William Zollars, CEO of Yellow Roadway Corp. (renamed YRC Worldwide in January), picked a boutique, Integrated Finance Limited, to steer the trucking company through its $3.7 billion acquisition of rival USF Corp. last May. Zollars had relied on the judgment of IFL’s James Hamilton when the banker was with J.P. Morgan and later with Deutsche Bank, and didn’t hesitate to call on him when he departed for IFL.
“They’re a small firm, and they don’t have any money to give you,” says Zollars “So we used a couple of other banks to help finance the deal and relied on Jim to give us the right advice.”
While IFL provided counsel on merger tactics, earning a $6 million fee, Credit Suisse and J.P. Morgan Chase & Co. helped with the financing. New Yorkbased IFL was founded three years ago by well-known former J.P. Morgan execs Peter Hancock and Roberto Mendoza and Nobel laureate Robert Merton.

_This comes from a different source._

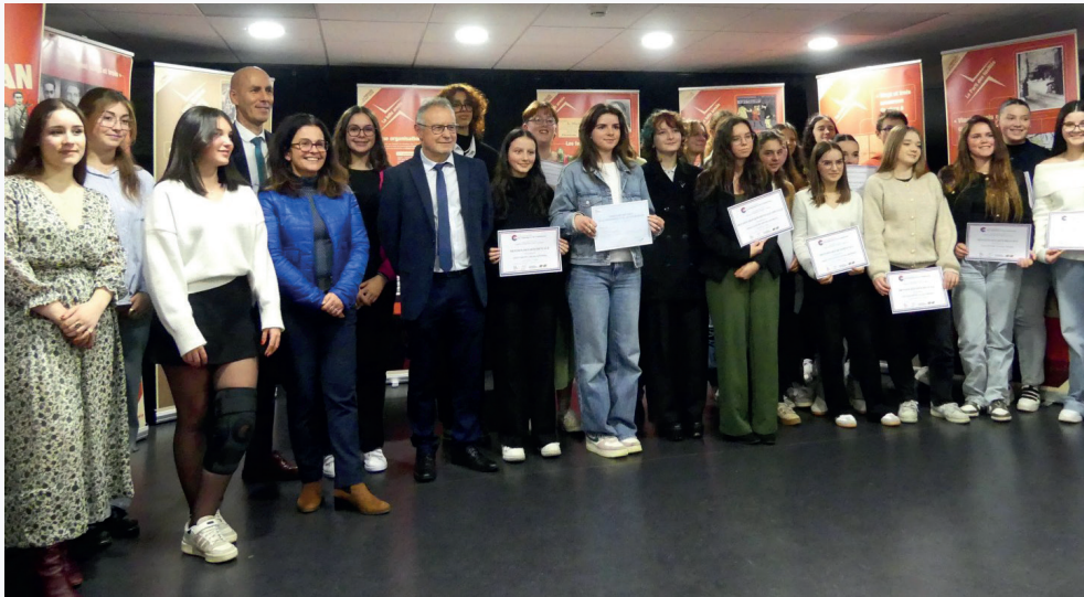
Lauréats 2024 du concours national de la résistance et de la déportation (cnrd)

To be sure, the growing might of the boutiques hardly portends the imminent end of merger advisory work for traditional deal-making houses. Today’s M&A boom ensures that there’s more than enough business to go around: Rainmakers at the top four M&A firms -- Goldman, Morgan Stanley, Citigroup and J.P. Morgan -- generated an astronomical $5.9 billion in advisory fees last year, up from $4.8 billion in 2004, according to their financial statements. Global M&A volume reached $2.2 trillion last year, twice 2002’s level and the highest since the bubble-inflated record of $3.4 trillion in 2000.
Yet some speculate that the factors underlying the defection from Wall Street firms of both bankers and clients could mean that one day the big securities houses won’t even count merger advice as a significant client activity.
“Ten years from now the advisory business at the major investment banking and securities firms will resemble your appendix,” contends veteran retail industry banker and former Lehman partner Peter Solomon, who formed boutique Peter J. Solomon Co. in 1989. “I hope to be alive to see it.”
Solomon’s and other boutiques are certainly doing everything in their power to make merger advice a vestigial organ at Wall Street firms. Evercore, a New York advisory shop founded in 1996 by former Lehman partner and onetime deputy U.S. Treasury secretary Roger Altman, now 61, recently hired Jane Wheeler, a financial services banker, from Morgan Stanley, and William Repko, a top adviser to distressed companies, from J.P Morgan. In October, a few weeks after joining Evercore, Wheeler advised her longtime client E*Trade Financial Corp. on its $700 million takeover of rival online broker HarrisDirect. Her boss, Eduardo Mestre, quit as Citi’s investment banking chief to run Evercore’s corporate advisory group in late 2004.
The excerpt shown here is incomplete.